Pain from pelvic adhesions is tough & can be very debilitating on the bad days. At its peak, it feels like someone is sticking a knife up my pelvis through one side of my body and is very hard to get comfortable and even take deep breaths. Inflammatory Bowel Disease has definitely made me develop a higher pain threshold, which in itself makes me feel strong when I sit and think about all the pain I have fought through.
The “unseen” side of IBD
Mental Health Awareness Week is this week (18th– 24th May). Having Crohn’s Disease has presented many mental challenges for me over the years. I have found that as the physical pains have died down since surgery, the mental struggles have developed and crept in. I think a lot of this is to do with the fact that because I aren’t battling as much physical pain constantly, there is now room in my brain for those things to surface & develop.
I deal with hospital flashbacks, depression & anxiety on the daily but looking at me, you wouldn’t think this. Looking at my Instagram photos, you wouldn’t think this. Having a conversation with me, you wouldn’t necessarily spot this. Sharing a coffee with me, you wouldn’t know I have counselling sessions every fortnight. This is because I try to turn my pain into power & put it into helping others where I can. If through developing my resilience it also helps others to do so & believe in themselves, then that makes me happy & it makes the fight even more worthwhile.
IBD is classed as an invisible illness. A lot of people struggle to get their head around the concept that just because someone looks okay, it doesn’t mean they are actually okay. Everyone is probably fighting a battle you don’t know about, so always exercise kindness & try to hold back judgement where you can. Living with Crohn’s has definitely helped me to develop more understanding to others & that just because something helps one person, doesn’t necessarily mean it will work as effectively for someone else.
5 positives of having Inflammatory Bowel Disease
Don’t get me wrong, I would rather be without Bowel Disease in the first place and would love to take it away from people who also suffer, but being a Crohn’s Warrior has silver linings also. I can think of a good few if I sit down & make a list, but I thought I’d summarise this post with some & hopefully help you reading this to find one of your own.

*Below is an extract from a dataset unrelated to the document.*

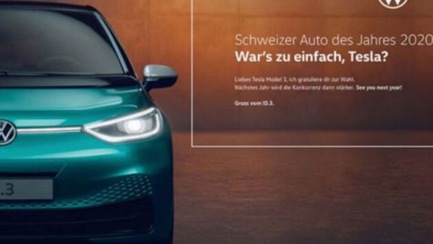 Компания Volksvwagen не скрывает, что в ближайшее время планирует занять нишу электрических автомобилей, уже совершив дебют своей модели компактного хэтчбека ID.3, производство которого уже стартовало. Теперь же бренд потролил Tesla после церемонии награждения «Автомобиль года». Церемония награждения "Автомобиль года" прошла недавно в Швейцарии. Двенадцать экспертов присудили премию модели Model 3 от Tesla, тогда как компания Volkswagen и вовсе не попала в список претендентов на победу, так как серийно электрические автомобили бренд не выпускает. Также Tesla Model 3 стала «Любимым автомобилем Швейцарии» и «Самой зеленой машиной». Конкурент в лице немецкого производителя уже успел поздравить победителя с победой, в то же время дав намек на то, что в скором времени выведет на рынок более бюджетную электрическую модель. Компания Volkswagen оплатила публикации в журналах Schweizer's Illustrierte и L'Illustré, при этом указав, что в этом году одержать победу было легко, пообещав встретиться в 2020 году и передав привет от ID.3.

- I have met so many inspirational people because of my IBD, some of whom I am lucky to have close to me & hold them super close in my heart.
- I have done many things I probably wouldn’t have pushed myself to do without IBD, such as blogging, modelling, taking part in and producing educational IBD/Mental Health videos & travelling.
- I have learnt how to listen to my body more & because of this, I also have a bit of a sixth sense when it comes to detecting when something isn’t right with someone else, especially medically & emotionally.
- I have to consistently push through many mental barriers within myself to practice more love & appreciation for my own body. Showing my scars etc to try and inspire others to do the same means I am consciously having to remind myself of the things I like about my body, not the things I want to change.
- I have developed a bigger belief in speaking up for myself when I feel something is wrong or I aren’t happy with something. I can be very straight to the point when I need to be, but I always try to do it in a way that shows that I am doing so because I care greatly & genuinely will do what it takes to help a lot of people.